Priyanka is a software engineer at GAVS with a passion for content writing. She is a feminist and is vocal about equality and inclusivity. She believes in the cycle of learning, unlearning and relearning. She likes to spend her free time baking, writing and reading articles especially about new technologies and social issues.

AIOps for Service Reliability Engineering (SRE)

Data is the single most accountable yet siloed component within any IT infrastructure. According to a Gartner report, an average enterprise IT infrastructure generates up to 3 times more IT operational data with each passing year. Large businesses find themselves challenged by frequent unplanned downtime of their services, high IT issue resolution times, and consequently poor user experience caused by inefficient management of this data overload, reactive IT operations, and other reasons such as:

  • Traditional legacy systems that do not scale
  • Siloed environments preventing unified visibility into IT landscape
  • Unattended warning signs due to alert fatigue
  • Lack of advanced tools to intelligently identify root causes of cross-tier events
  • Multiple hand-offs that require manual intervention affecting problem remediation workflow

Managing data and automation with AIOps

The surge of AI in IT operations or AIOps is helping bridge the gap between the need for meaningful insights and human intervention, to ensure service reliability and business growth. AIOps is fast becoming a critical need since effective management of the humongous data volumes has surpassed human capabilities. AIOps is powered by AI/ML algorithms that enable automatic discovery of infra & applications, 360o observability into the entire IT environment, noise reduction, anomaly detection, predictive and prescriptive analytics, and automatic incident triage and remediation!

AIOps provides clear insights into application & infrastructure performance and user experience, and alerts IT on potential outages or performance degradation. AIOps delivers a single, intelligent, and automated layer of intelligence across all IT operations, enabling proactive & autonomous IT operations, improved operational efficiencies through reduction of manual effort/fatigue/errors, and improved user experience as predictive & prescriptive analytics drive consistent service levels.

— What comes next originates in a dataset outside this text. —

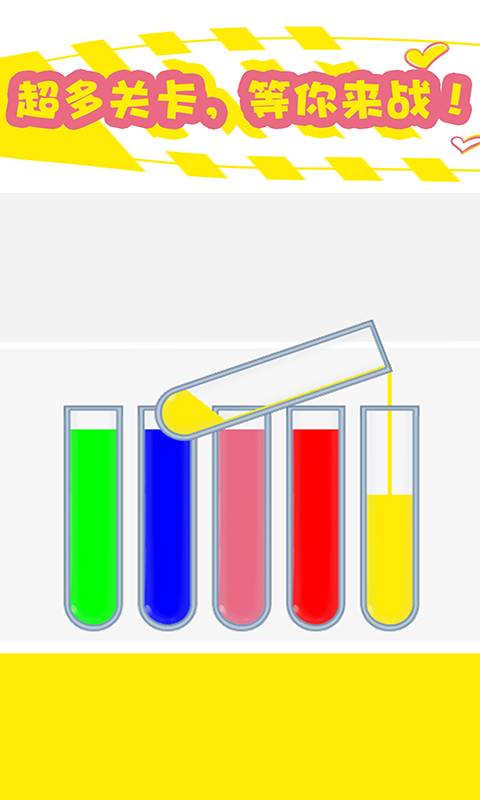《倒水我最强》是一款简单的休闲闯关手游。游戏里倒水方法多样,玩家能尝试各种方式,把不同颜色的水倒入试管,十分考验思维判断能力,挑战性十足。每个玩家都能加入挑战,关卡设计新颖,自由玩耍可带来无尽快乐。游戏规则是只有将相同颜色的水倒入才能通关,若不知如何操作,别勉强自己,不妨新增一个空瓶子,这能助玩家轻松缓解压力。游戏对玩家的耐心与细心要求颇高,感兴趣的玩家快来体验倒水游戏的乐趣吧!

The Need for AIOps for SRE

SRE mandates that the IT team always stays ahead of IT outages and proactively resolves incidents before they impact the user. However, even the most mature teams face challenges due to the rapidly increasing data volumes and expanding IT boundaries, created by modern technologies such as the cloud, and IoT. SRE faces challenges such as lack of visibility and technology fragmentation while executing these tasks in real-time.

SRE teams have started to leverage AI capabilities to detect & analyze patterns in the data, eliminate noise & gain meaningful insights from current & historical data. As AIOps enters the SRE realm, it has enabled accelerated and automated incident management and resolution. With AI at the core, SRE teams can now redirect their time towards strategic initiatives and focus on delivering high value to users.

Transform SRE with AIOps

SREs are moving towards AIOps to achieve these main goals:

  • Improved visibility across the organization’s remote & distributed systems
  • Reduced response time through automation
  • Prevention of incidents through proactive operations

AIOps Platform ZIFTM from GAVS allows enterprises focused on digital transformation to become proactive with IT incidents, by delivering AI-led predictions and auto-remediation. ZIF is a unified platform with centralized NOC powered by AI-led capabilities for automatic environment discovery, going beyond monitoring to observability, predictive & prescriptive analytics, automation & self-remediation enabling outcomes such as:

  • Elimination of digital dirt
  • IT team empowered with end-to-end visibility
  • Breaking away the silos in IT infrastructure systems and operations
  • Intuitive visualization of application health and user experience from the digital delivery chain
  • Increasing precision in intelligent root cause analyses helping drastic cut in resolution time (MTTR)
  • ML algorithms for continuous learning from the environment driving huge improvements with time
  • Zero-touch automation across the spectrum of services, including delivery of cloud-native applications, traditional mainframes, and process workflows

The future of AIOps

Gartner predicts a rapidly growing market size from USD 1.5 billion in 2020. Gartner also claims that the future of IT operations cannot operate without AIOps due to these four main drivers:

  • Redundancy of traditional approaches to handling IT complexities
  • The proliferation of IoT devices, mobile applications & devices, APIs
  • Lack of infrastructure to support IT events that require immediate action
  • Growth of third-party services and cloud infrastructure

AIOps has a strong role in five major areas — anomaly detection, event correlation and advanced data analysis, performance analysis, automation, and IT service management. However, to get the most out of AIOps, it is crucial to choose the right AIOps platform, as selecting the right partner is critical to the success of such an important org initiative. Gartner recommends prioritizing vendors based on their ability to address challenges, data ingestion & analysis, storage & access, and process automation capabilities. We believe ZIF is that AIOps solution for you! For more on ZIF, please visit www.zif.ai.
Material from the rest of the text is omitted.